Familia de refugiados de Siria “muy felices“ en Canadá
Familia de refugiados de Siria “muy felices“ en Canadá

Wahida y Hussein Bakour huyeron a Siria con sus hijos después de la brutal guerra civil comenzó hace cuatro años. Mohamad, 7, Malak, 6, Rahaf, 3, y dos niños gemelos Ali y Fawaz, 10, se encuentran en una casa en Toronto gracias a la ayuda de una iglesia de la congregación de Toronto.
El gobierno liberal ha estado trabajando para traer a miles de refugiados a Canadá durante las últimas semanas.
TORONTO.- La familia Bakour ha estado en Toronto desde principios de diciembre, patrocinados por una congregación de la iglesia, con sus cinco hijos, de edades comprendidas entre tres y 10 años, riendo y jugando en el fondo,.. Hussein y Wahida Bakour , estaba abrumados y agradecidos por su nuevo hogar en el extremo este de la ciudad.
“Una vez que nos dimos cuenta de que estábamos llegando a Canadá, estábamos tan contentos… agradecemos a todos en Canadá por esto”, dijo Hussein Bakour, hablando a través de un intérprete de árabe voluntario.
“Nos sentimos muy agradecidos a Canada,” Wahida Bakour añadió, señalando a un plato de galletas en la mesa de café. ” Canadá nos dio la bienvenida aquí, nosotros que ni siquiera teniamos ni siquiera estas galletas para comer.”
Casa de tres dormitorios El Bakours , alquilada para ellos por la Iglesia Unida Metropolitana,.. “es un cambio drástico y fantástico, pasamos de estar en una tienda en un campo de refugiados , lleno de gente, sucio y fangoso a tener nuestro propio hogar.
“Había ratas por todo el lugar cuando estábamos durmiendo … a nuestro alrededor”, dijo su hijo Ali de 10años de edad.
Luego estaba la sensación de hambre que nunca se terminaba.
“Mi padre solía ir a la basura y recoger cosas … como el pan para poder alimentar a los niños”, dijo Wahida Bakour.
La familia salió de Siria poco después de la guerra civil comenzó hace cuatro años.
“Me fui de Siria, ya que atrapan la gente en la calle y los llevaban a la cárcel”, dijo Hussein Bakour. “Ellos hicieron esto a mí.

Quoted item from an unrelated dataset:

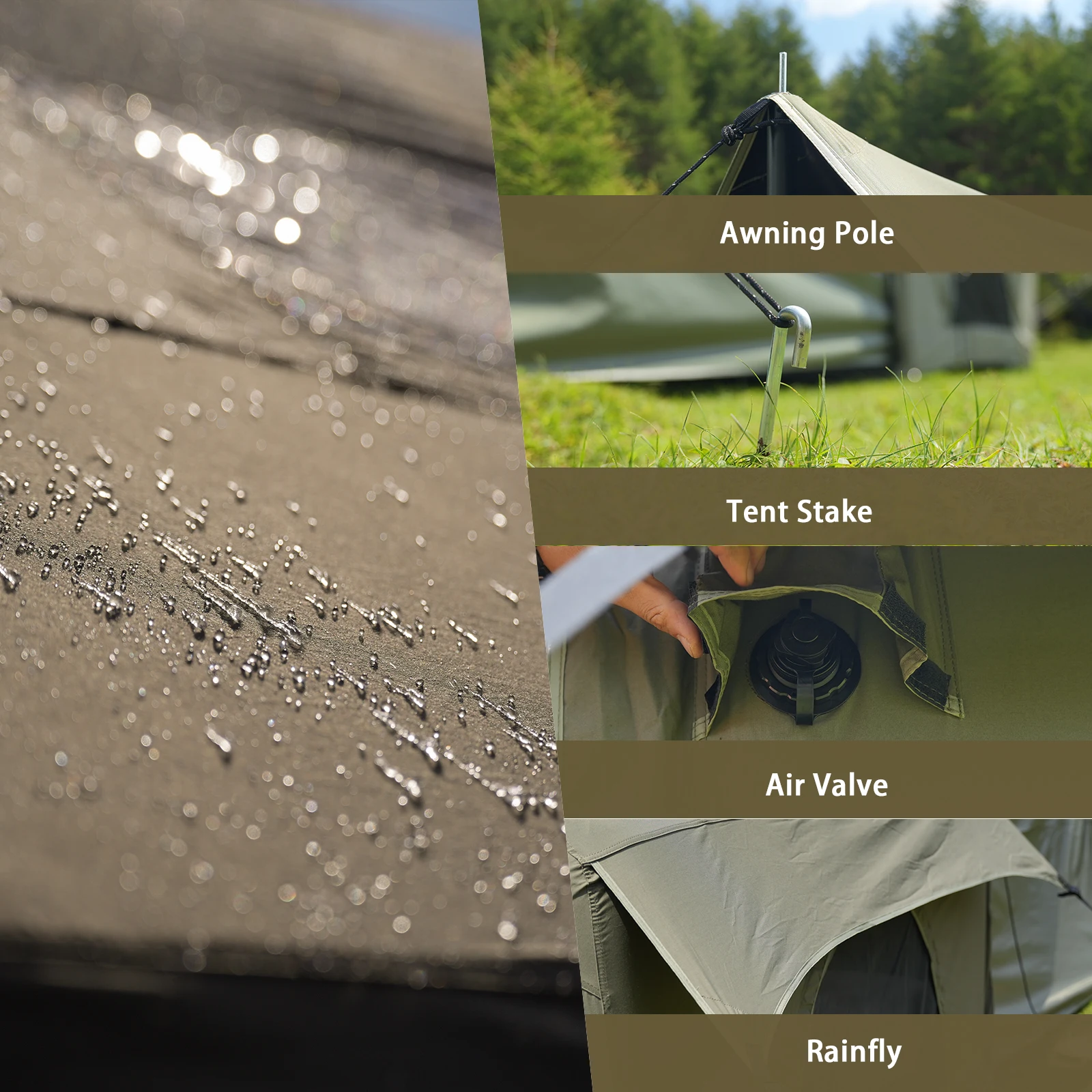 This 8-person inflatable glamping tent offers a spacious and comfortable outdoor living experience, perfect for family camping and extended stays. Featuring mesh windows for ventilation and insect protection, it provides a bright, airy interior while maintaining privacy. The extra-large canopy creates a versatile living room area for relaxing, dining, or storing gear, enhancing overall comfort at camp. Designed for quick and easy setup with an included hand pump, this durable inflatable tent combines convenience, stability, and ample space for a premium outdoor adventure.

Ellos … me metieron en la cárcel sin ningún delito cometido.”
Después de tres meses, Hussein Bakour dejó la prisión como un hombre roto, diciendo que era “como un loco”. Mientras él estaba encerrado, el resto de la familia vivía en el terror.
“Yo y los niños nos escondíamos debajo de las escaleras porque teníamos miedo de que nos llevaran, también,” Wahida Bakour recordó.
La pareja llevó a sus hijos a Damasco, huyendo, viajando de pueblo en pueblo en Siria. Pero no pudieron escapar del conflicto que se desencadenó en todo el país.
“Había aviones con bombas y fuego”
El gobierno liberal ha estado trabajando para traer a miles de refugiados a Canadá durante las últimas semanas.
La congregación Metropolitana Iglesia Unida, formó un comité para patrocinar familia de refugiados.
Los 22 miembros del comité trabajaron en todo, desde encontrar un hogar para la Bakours, para recogerlos en el aeropuerto…
Mucha gente quería donar artículos o ayudar de alguna manera, “Yo diría que es la compasión nuclear sin fronteras ni limitaciones.”
Miembro del Comité Sandra Hellyer dijo que cuando los miembros de la iglesia finalmente conocieron los Bakours, fue muy emotivo.
“Fue muy emocionante. Todos estábamos llorando,” dijo con una sonrisa.
“Ni siquiera esperamos encontrar a alguien para darnos la bienvenida en el aeropuerto”, dijo Wahida Bakour. “Nos sorprendió. La gente estaba sosteniendo pancartas.”
La familia guardo esa bandera, que dice “Bienvenido” en Inglés y árabe, para mostrar en su casa.
“Yo no puedo decir lo mucho que estamos contentos”, dijo Wahida Bakour. “Estamos comiendo, estamos durmiendo, estamos sonriendo y riendo … los niños están tratando de aprender Inglés y tratando de empezar a escribir sus nombres.”
Pero la ausencia de su padre – el hombre que cavó en la basura para conseguir comida para sus nietos – y su madrastra, dos hermanos y una hermana proyecta una sombra sobre la alegría de la familia. Todavía están en el campo de refugiados, esperando el día en que ellos también pueden encontrar asilo.
A Hussein y Wahida Bakour les preocupa que a pesar de que sus familiares se documentan como refugiados de la ONU, ellos se enfrentan a un período de espera de un año o más.
“Espero que Canadá los reciba a ellos también“.